= Vasily Alexeyevich Kar =

Vasily Alexeyevich Kar (Василий Алексеевич Кар; 1730 – 25 February 1806) was a Russian general chiefly noted for his defeat in the early stages of Pugachev's Rebellion. His defeat allowed the rebellion to grow into a major threat to the government of Catherine the Great until later army expeditions were able to suppress it. His family name is often transliterated in Western sources as Karr.

== Biography ==
He was the son of Aleksey Filippovich Kar (1680–1756), the head administrator of the Russian Salt Bureau from his marriage to the daughter of a court official and had an older sister named Ekaterina (1720–1804) and a younger brother, Filipp (1734–1809).

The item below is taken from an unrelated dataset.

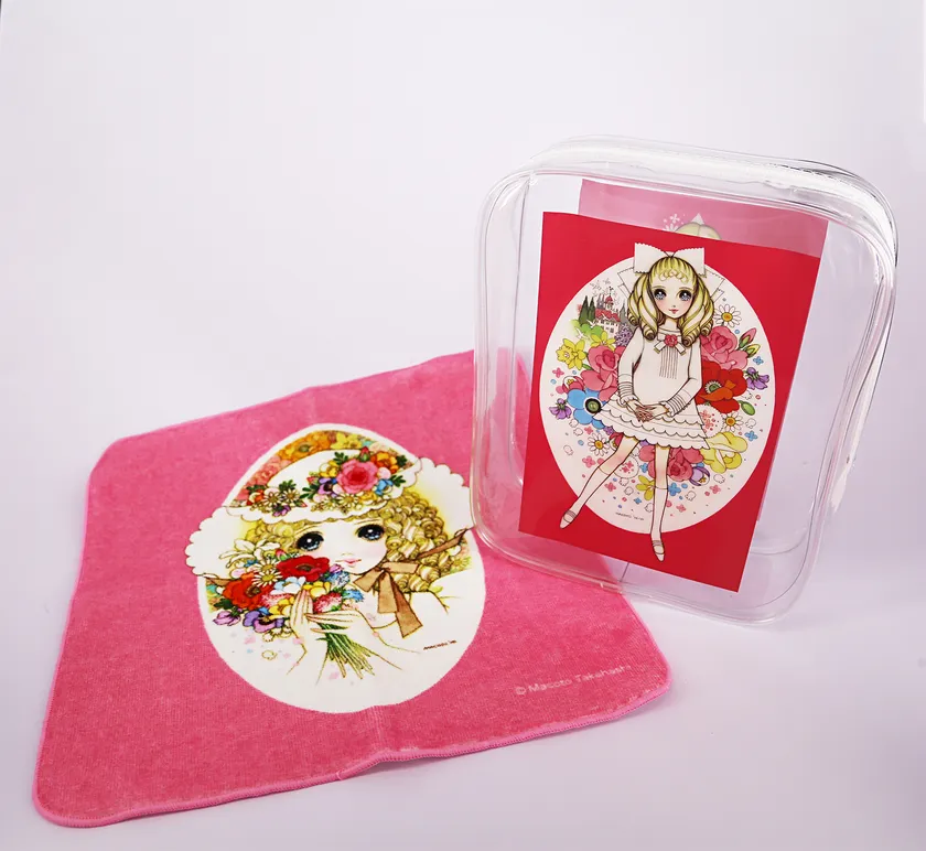 開催を記念して、70年代に少女雑誌の表紙や文房具、布製品などの原稿として描かれた懐かしのイラストを起用した新作グッズが登場します。今展をお祝いする福袋のような「ロープハンドルクリアバッグ『花帽子の少女』(グッズセット付)」¥11,000(税込)は、約35点・総額15,000円以上のグッズセット付という、嬉しすぎるアイテム。

The family traced its origins back to one Thomas Kerr who traveled on a mission with his brothers for James I of England to the court of Tsar Mikhail and was granted a patent of nobility in 1625.

Vasily Kar entered the military service in 1740, but his formal training began in January 1742 when he enrolled in the Corps of Pages. In 1748 he graduated as a poruchik and was assigned to an infantry regiment. In 1757 he volunteered to serve with the Austrian Army and the next year transferred to the French. In this capacity he saw action in the Seven Years' War.

By 1763 Kar was back in Russia and had been promoted to colonel. He was in Poland from 1766 to 1768, serving at the court of Prince Radziwiłł. On 22 September 1768 he was appointed a brigadier, and the next year was appointed commander of a special combined-arms legion of troops formed for the war against Turkey, christened at first the Foreign Legion but then retitled the Petersburg Legion.

On 1 January 1770 he was promoted to major-general. In 1773 he was made overseer of military recruiting in Petersburg. On 15 October of that same year he was sent to the lands of the Yaik to pacify the rebels there. Kar was defeated in battle and fled alongside his troops. For this failure he was ordered dishonorably discharged from the army on 1 December 1773, and was legally forbidden from living in the capital.

In 1775 he bought in auction an estate from Prince Boris Vasilyevich Golitsyn, sel'tso Goryainovo, located in today's Kaluga Oblast. Here he spent his days engaged in studying agricultural estate management until he became an expert in it.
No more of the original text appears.